◆ Exercise data ◆

═══

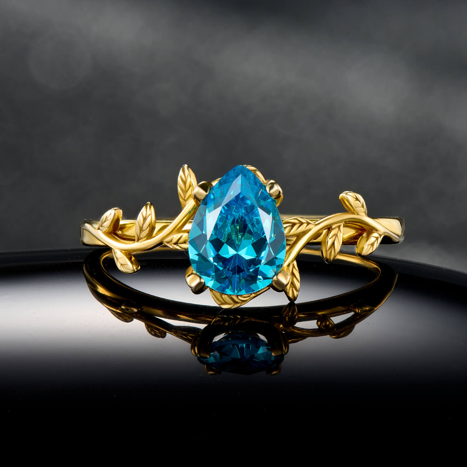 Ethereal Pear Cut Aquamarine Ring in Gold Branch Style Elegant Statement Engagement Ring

═══

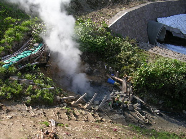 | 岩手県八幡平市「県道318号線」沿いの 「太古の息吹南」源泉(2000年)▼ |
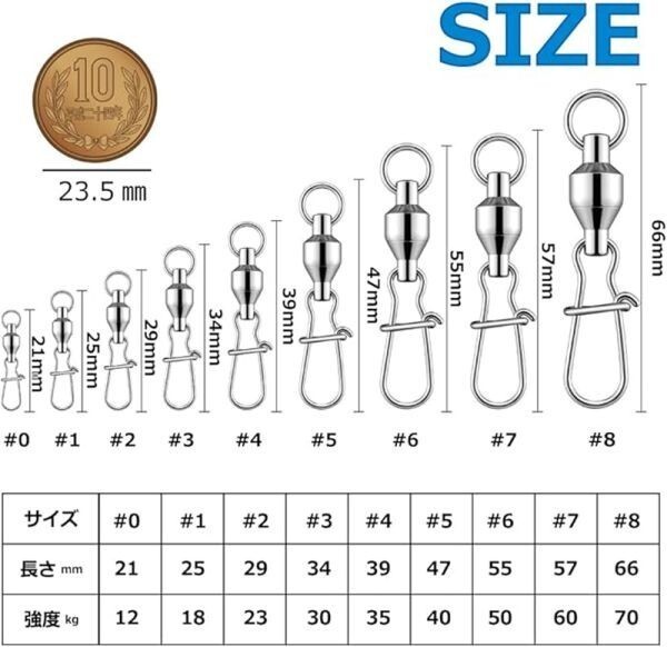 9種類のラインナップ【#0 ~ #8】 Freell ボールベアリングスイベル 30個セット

═══

◆ Your objective ◆
Within the listing above, the lines starting at the one containing "岩手県八幡平市「県道318号線」沿いの 「太古の息吹南」源泉(2000年)▼ |" and ending at the one containing "9種類のラインナップ【#0 ~ #8】" are to be returned exactly. Omit the pictures.

◆ Reply to the task ◆
 | 岩手県八幡平市「県道318号線」沿いの 「太古の息吹南」源泉(2000年)▼ |
 9種類のラインナップ【#0 ~ #8】 Freell ボールベアリングスイベル 30個セット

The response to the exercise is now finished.